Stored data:
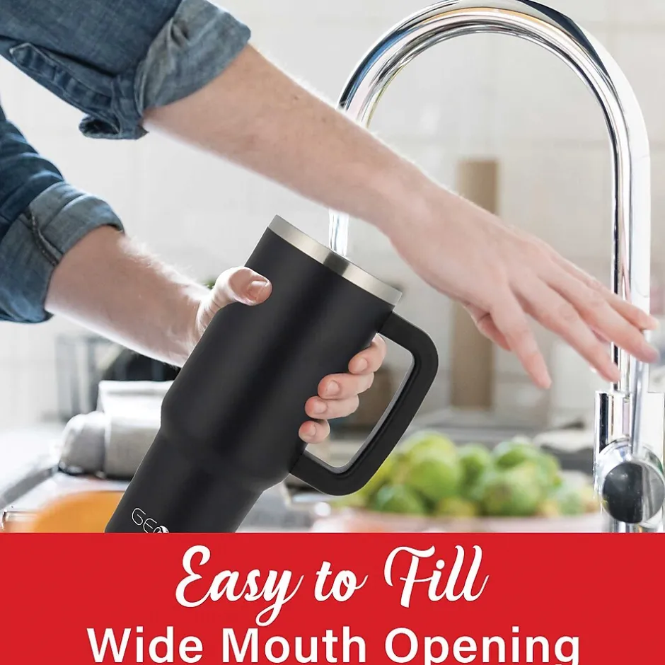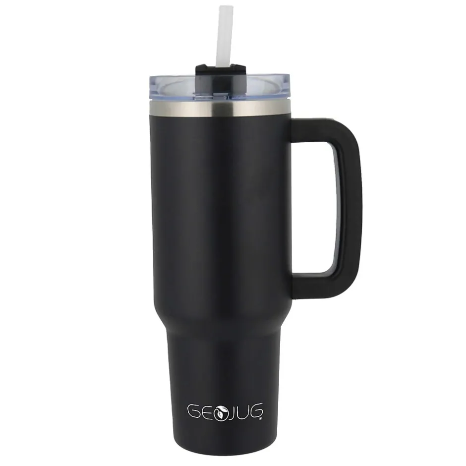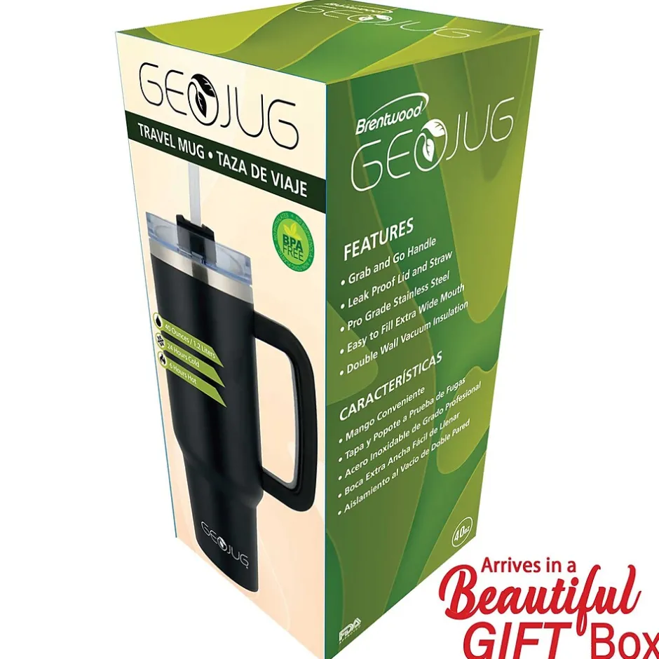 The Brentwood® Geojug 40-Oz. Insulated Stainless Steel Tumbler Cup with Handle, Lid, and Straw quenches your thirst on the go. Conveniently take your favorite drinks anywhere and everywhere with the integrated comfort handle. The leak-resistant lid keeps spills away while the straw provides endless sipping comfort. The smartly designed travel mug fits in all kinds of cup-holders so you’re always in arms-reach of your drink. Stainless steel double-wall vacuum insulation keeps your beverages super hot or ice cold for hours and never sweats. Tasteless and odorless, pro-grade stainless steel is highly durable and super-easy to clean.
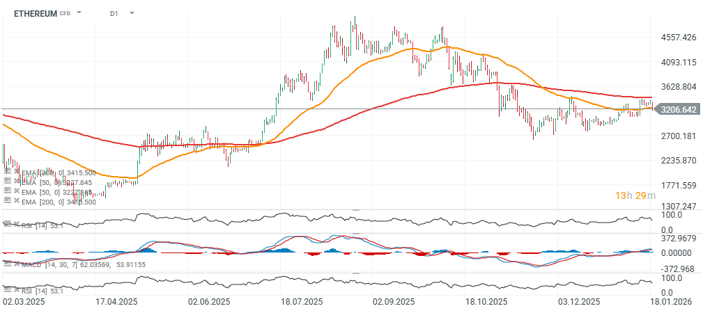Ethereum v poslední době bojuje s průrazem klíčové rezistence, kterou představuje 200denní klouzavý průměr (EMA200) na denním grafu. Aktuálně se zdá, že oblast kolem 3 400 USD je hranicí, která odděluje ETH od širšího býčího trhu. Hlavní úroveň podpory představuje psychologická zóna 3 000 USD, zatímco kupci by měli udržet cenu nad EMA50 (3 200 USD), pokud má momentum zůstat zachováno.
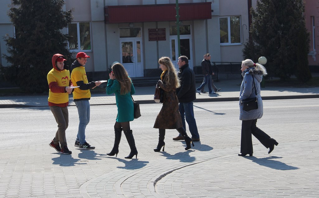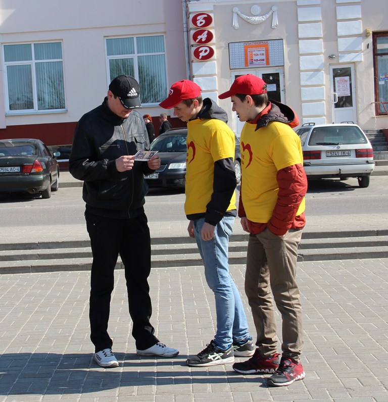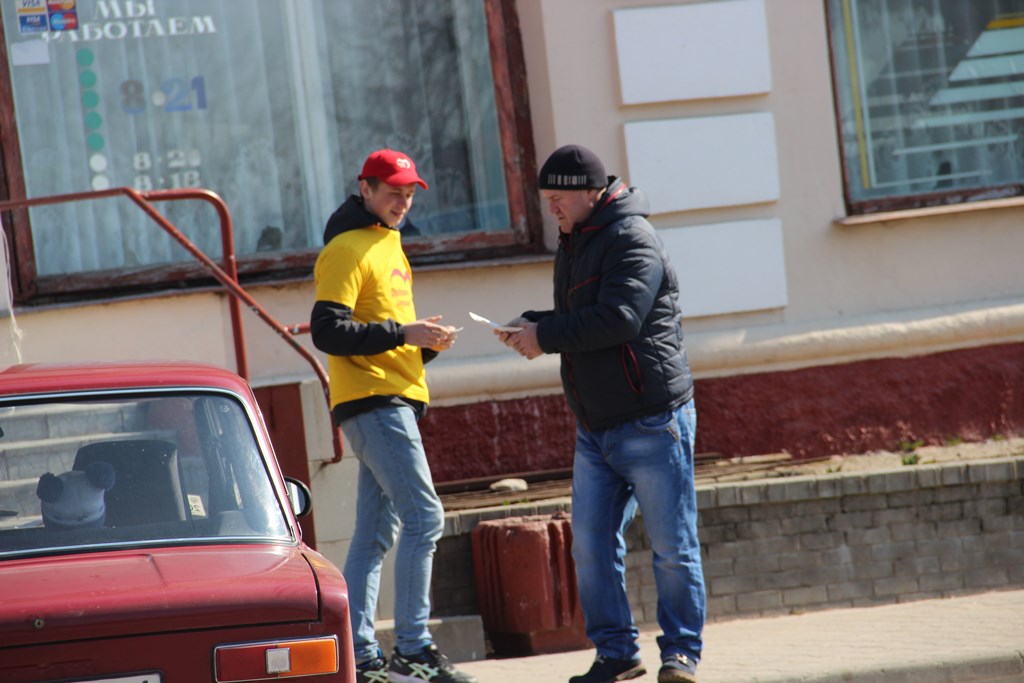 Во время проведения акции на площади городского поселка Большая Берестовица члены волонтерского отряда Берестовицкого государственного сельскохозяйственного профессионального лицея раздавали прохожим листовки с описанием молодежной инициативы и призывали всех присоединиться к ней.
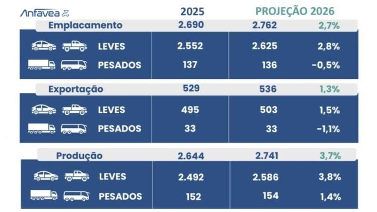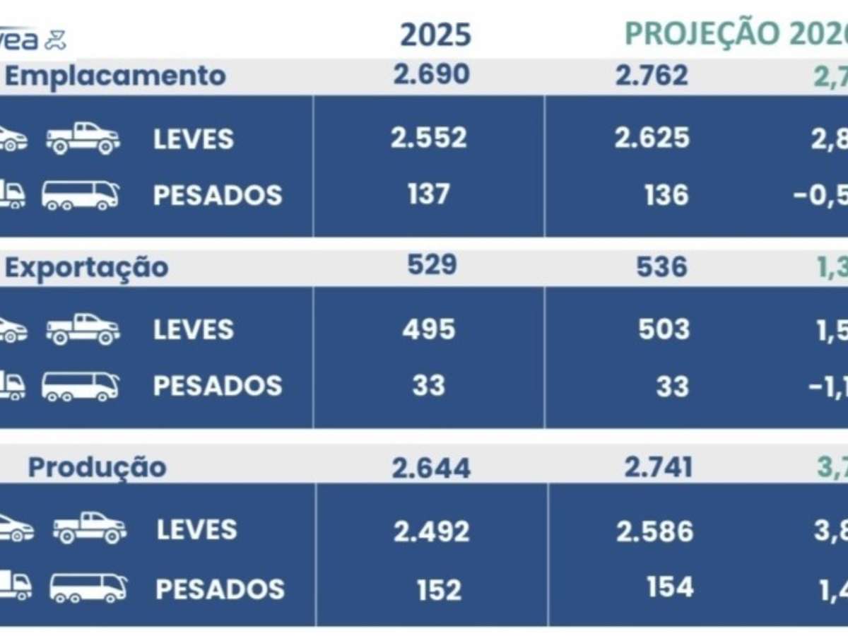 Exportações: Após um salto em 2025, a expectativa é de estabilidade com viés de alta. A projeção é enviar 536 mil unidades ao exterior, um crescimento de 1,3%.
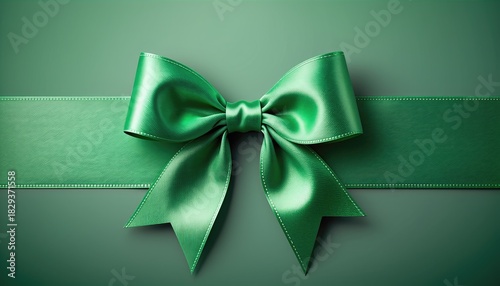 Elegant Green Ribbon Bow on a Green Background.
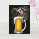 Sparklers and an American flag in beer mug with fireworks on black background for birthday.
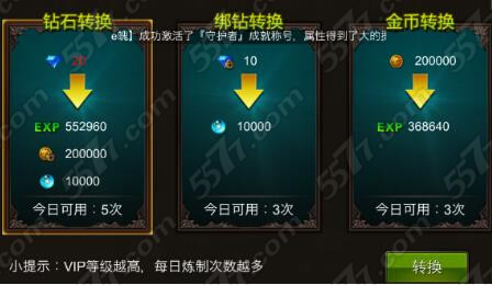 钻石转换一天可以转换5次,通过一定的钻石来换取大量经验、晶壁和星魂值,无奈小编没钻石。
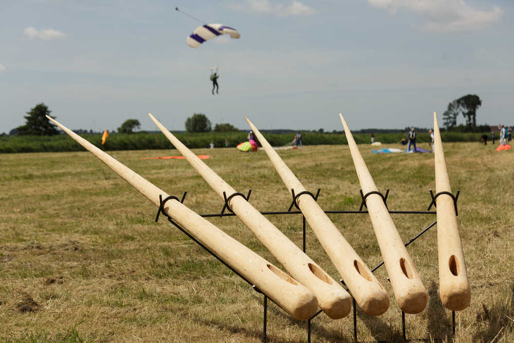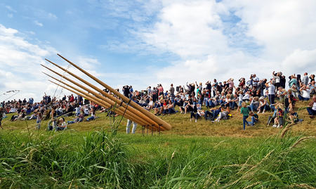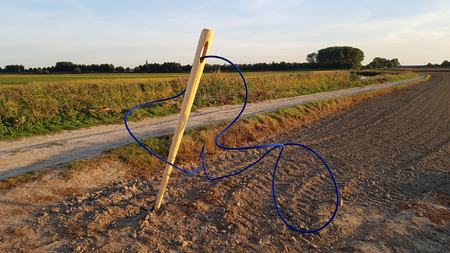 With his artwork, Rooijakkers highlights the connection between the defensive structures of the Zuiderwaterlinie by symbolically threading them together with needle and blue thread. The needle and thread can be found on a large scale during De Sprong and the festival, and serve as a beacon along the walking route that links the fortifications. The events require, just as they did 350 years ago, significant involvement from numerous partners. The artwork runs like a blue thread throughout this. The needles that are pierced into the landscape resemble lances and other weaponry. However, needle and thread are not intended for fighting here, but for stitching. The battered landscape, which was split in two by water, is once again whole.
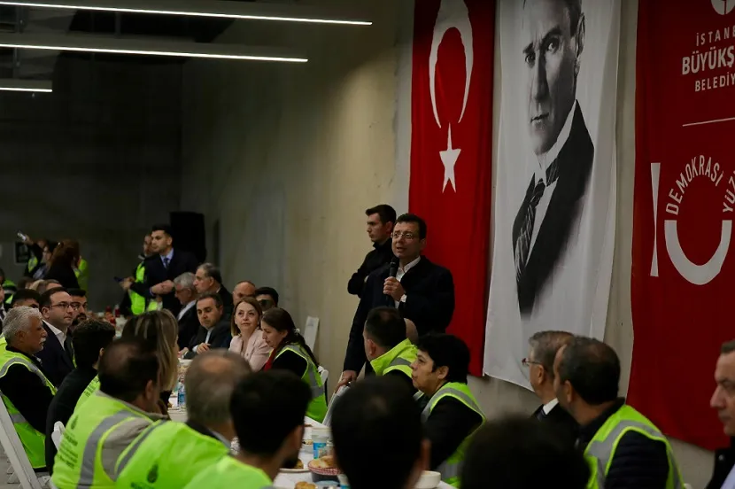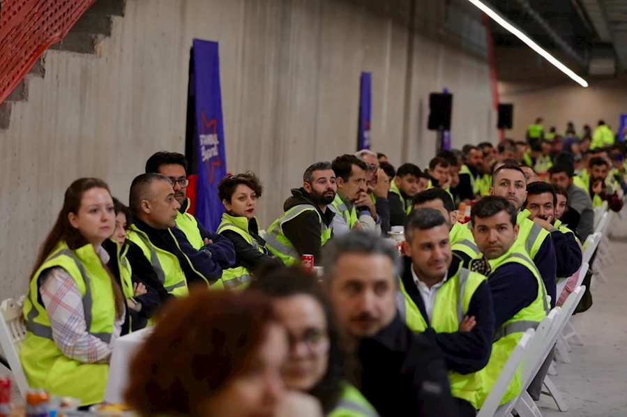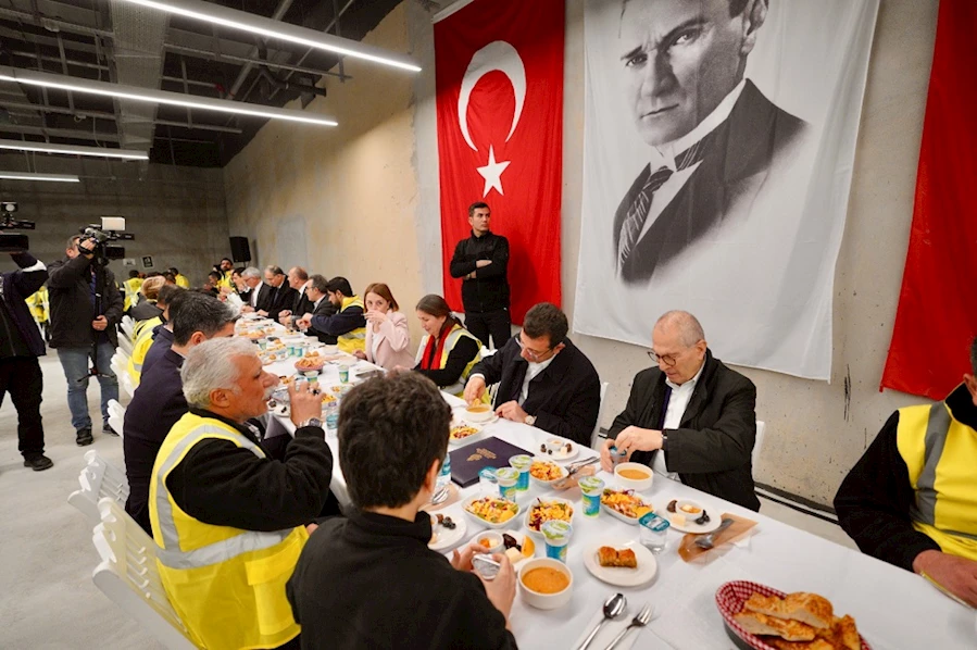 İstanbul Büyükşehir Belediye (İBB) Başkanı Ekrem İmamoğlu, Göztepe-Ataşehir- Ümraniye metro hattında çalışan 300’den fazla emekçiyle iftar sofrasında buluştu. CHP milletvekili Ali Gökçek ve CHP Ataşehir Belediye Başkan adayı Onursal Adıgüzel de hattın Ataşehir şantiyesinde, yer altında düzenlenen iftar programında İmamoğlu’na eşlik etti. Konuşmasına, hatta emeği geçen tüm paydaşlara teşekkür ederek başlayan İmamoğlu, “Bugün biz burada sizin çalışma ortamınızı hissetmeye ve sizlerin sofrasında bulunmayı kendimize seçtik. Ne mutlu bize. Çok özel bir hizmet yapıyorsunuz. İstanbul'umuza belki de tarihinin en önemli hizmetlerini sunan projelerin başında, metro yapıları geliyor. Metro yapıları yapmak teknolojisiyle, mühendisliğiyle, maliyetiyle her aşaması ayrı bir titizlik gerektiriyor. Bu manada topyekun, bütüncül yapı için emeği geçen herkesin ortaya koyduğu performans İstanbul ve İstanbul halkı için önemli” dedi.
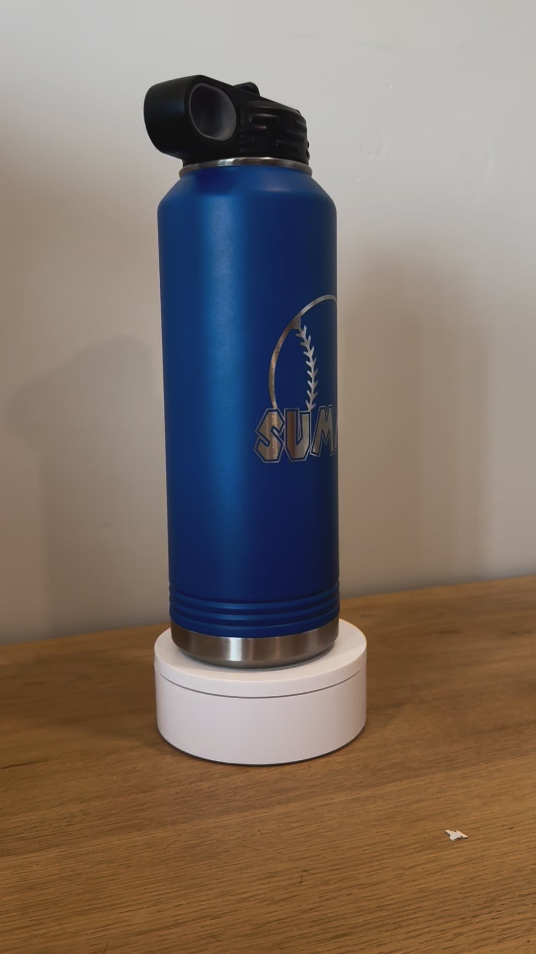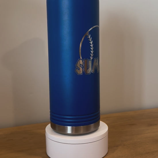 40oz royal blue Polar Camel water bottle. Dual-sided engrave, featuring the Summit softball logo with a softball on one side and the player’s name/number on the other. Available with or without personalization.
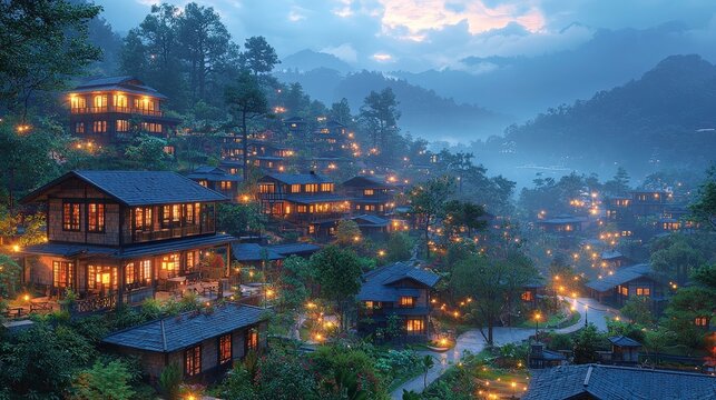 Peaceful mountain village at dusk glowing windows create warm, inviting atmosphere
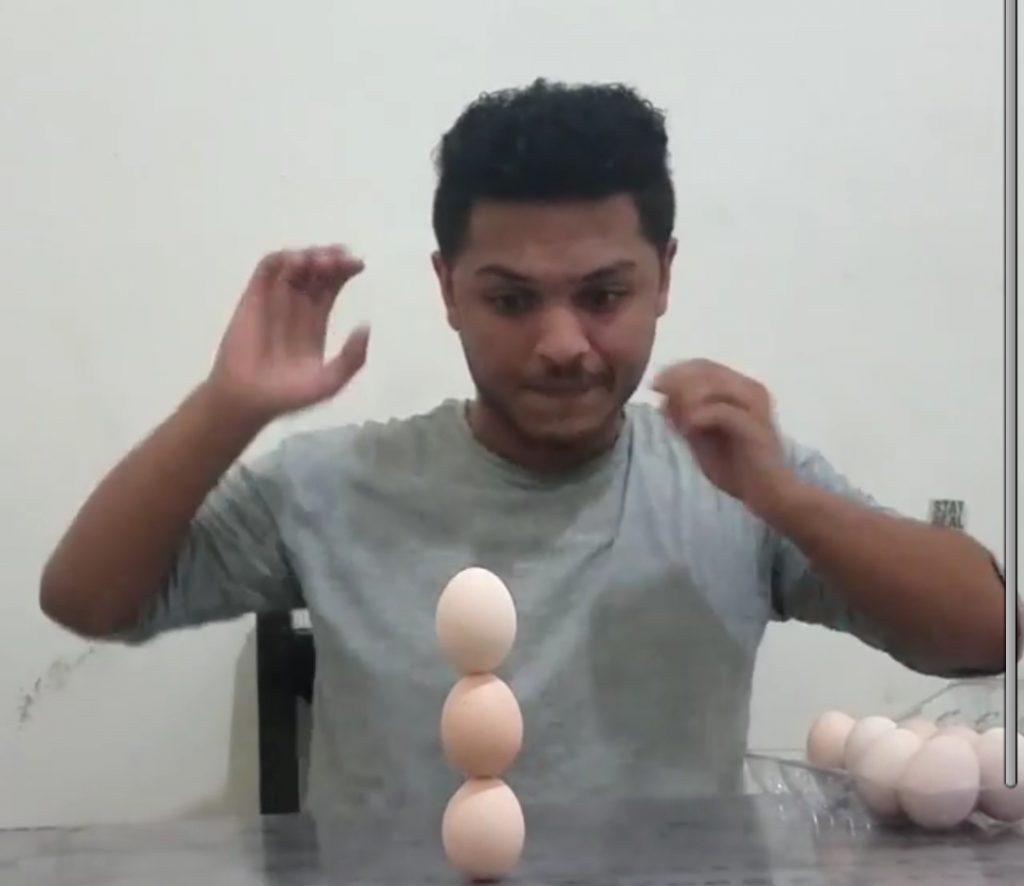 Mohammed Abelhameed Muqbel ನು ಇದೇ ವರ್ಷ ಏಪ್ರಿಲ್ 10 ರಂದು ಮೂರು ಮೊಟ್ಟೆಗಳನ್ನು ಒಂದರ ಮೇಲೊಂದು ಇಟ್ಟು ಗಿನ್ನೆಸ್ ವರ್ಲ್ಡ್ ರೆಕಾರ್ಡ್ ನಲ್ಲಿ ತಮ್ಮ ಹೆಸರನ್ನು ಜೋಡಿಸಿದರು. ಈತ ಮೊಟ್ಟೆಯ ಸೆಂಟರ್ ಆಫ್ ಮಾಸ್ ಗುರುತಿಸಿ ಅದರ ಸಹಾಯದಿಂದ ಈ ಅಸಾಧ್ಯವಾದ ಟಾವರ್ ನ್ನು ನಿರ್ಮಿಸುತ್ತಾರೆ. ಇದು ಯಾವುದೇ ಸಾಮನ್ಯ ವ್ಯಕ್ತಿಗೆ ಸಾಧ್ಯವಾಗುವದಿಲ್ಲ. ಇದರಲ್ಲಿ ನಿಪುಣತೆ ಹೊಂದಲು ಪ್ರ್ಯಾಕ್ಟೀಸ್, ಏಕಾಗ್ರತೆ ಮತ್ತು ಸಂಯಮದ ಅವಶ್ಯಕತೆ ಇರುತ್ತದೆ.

What is expected: Each line above should be written out again exactly, and no picture should appear in the copy.

Expected output:
 The Brentwood® Geojug 40-Oz. Insulated Stainless Steel Tumbler Cup with Handle, Lid, and Straw quenches your thirst on the go. Conveniently take your favorite drinks anywhere and everywhere with the integrated comfort handle. The leak-resistant lid keeps spills away while the straw provides endless sipping comfort. The smartly designed travel mug fits in all kinds of cup-holders so you’re always in arms-reach of your drink. Stainless steel double-wall vacuum insulation keeps your beverages super hot or ice cold for hours and never sweats. Tasteless and odorless, pro-grade stainless steel is highly durable and super-easy to clean.
Ethereum v poslední době bojuje s průrazem klíčové rezistence, kterou představuje 200denní klouzavý průměr (EMA200) na denním grafu. Aktuálně se zdá, že oblast kolem 3 400 USD je hranicí, která odděluje ETH od širšího býčího trhu. Hlavní úroveň podpory představuje psychologická zóna 3 000 USD, zatímco kupci by měli udržet cenu nad EMA50 (3 200 USD), pokud má momentum zůstat zachováno.
 Во время проведения акции на площади городского поселка Большая Берестовица члены волонтерского отряда Берестовицкого государственного сельскохозяйственного профессионального лицея раздавали прохожим листовки с описанием молодежной инициативы и призывали всех присоединиться к ней.
 Exportações: Após um salto em 2025, a expectativa é de estabilidade com viés de alta. A projeção é enviar 536 mil unidades ao exterior, um crescimento de 1,3%.
 Elegant Green Ribbon Bow on a Green Background.
 Sparklers and an American flag in beer mug with fireworks on black background for birthday.
 钻石转换一天可以转换5次,通过一定的钻石来换取大量经验、晶壁和星魂值,无奈小编没钻石。
 With his artwork, Rooijakkers highlights the connection between the defensive structures of the Zuiderwaterlinie by symbolically threading them together with needle and blue thread. The needle and thread can be found on a large scale during De Sprong and the festival, and serve as a beacon along the walking route that links the fortifications. The events require, just as they did 350 years ago, significant involvement from numerous partners. The artwork runs like a blue thread throughout this. The needles that are pierced into the landscape resemble lances and other weaponry. However, needle and thread are not intended for fighting here, but for stitching. The battered landscape, which was split in two by water, is once again whole.
 İstanbul Büyükşehir Belediye (İBB) Başkanı Ekrem İmamoğlu, Göztepe-Ataşehir- Ümraniye metro hattında çalışan 300’den fazla emekçiyle iftar sofrasında buluştu. CHP milletvekili Ali Gökçek ve CHP Ataşehir Belediye Başkan adayı Onursal Adıgüzel de hattın Ataşehir şantiyesinde, yer altında düzenlenen iftar programında İmamoğlu’na eşlik etti. Konuşmasına, hatta emeği geçen tüm paydaşlara teşekkür ederek başlayan İmamoğlu, “Bugün biz burada sizin çalışma ortamınızı hissetmeye ve sizlerin sofrasında bulunmayı kendimize seçtik. Ne mutlu bize. Çok özel bir hizmet yapıyorsunuz. İstanbul'umuza belki de tarihinin en önemli hizmetlerini sunan projelerin başında, metro yapıları geliyor. Metro yapıları yapmak teknolojisiyle, mühendisliğiyle, maliyetiyle her aşaması ayrı bir titizlik gerektiriyor. Bu manada topyekun, bütüncül yapı için emeği geçen herkesin ortaya koyduğu performans İstanbul ve İstanbul halkı için önemli” dedi.
 40oz royal blue Polar Camel water bottle. Dual-sided engrave, featuring the Summit softball logo with a softball on one side and the player’s name/number on the other. Available with or without personalization.
 Peaceful mountain village at dusk glowing windows create warm, inviting atmosphere
 Mohammed Abelhameed Muqbel ನು ಇದೇ ವರ್ಷ ಏಪ್ರಿಲ್ 10 ರಂದು ಮೂರು ಮೊಟ್ಟೆಗಳನ್ನು ಒಂದರ ಮೇಲೊಂದು ಇಟ್ಟು ಗಿನ್ನೆಸ್ ವರ್ಲ್ಡ್ ರೆಕಾರ್ಡ್ ನಲ್ಲಿ ತಮ್ಮ ಹೆಸರನ್ನು ಜೋಡಿಸಿದರು. ಈತ ಮೊಟ್ಟೆಯ ಸೆಂಟರ್ ಆಫ್ ಮಾಸ್ ಗುರುತಿಸಿ ಅದರ ಸಹಾಯದಿಂದ ಈ ಅಸಾಧ್ಯವಾದ ಟಾವರ್ ನ್ನು ನಿರ್ಮಿಸುತ್ತಾರೆ. ಇದು ಯಾವುದೇ ಸಾಮನ್ಯ ವ್ಯಕ್ತಿಗೆ ಸಾಧ್ಯವಾಗುವದಿಲ್ಲ. ಇದರಲ್ಲಿ ನಿಪುಣತೆ ಹೊಂದಲು ಪ್ರ್ಯಾಕ್ಟೀಸ್, ಏಕಾಗ್ರತೆ ಮತ್ತು ಸಂಯಮದ ಅವಶ್ಯಕತೆ ಇರುತ್ತದೆ.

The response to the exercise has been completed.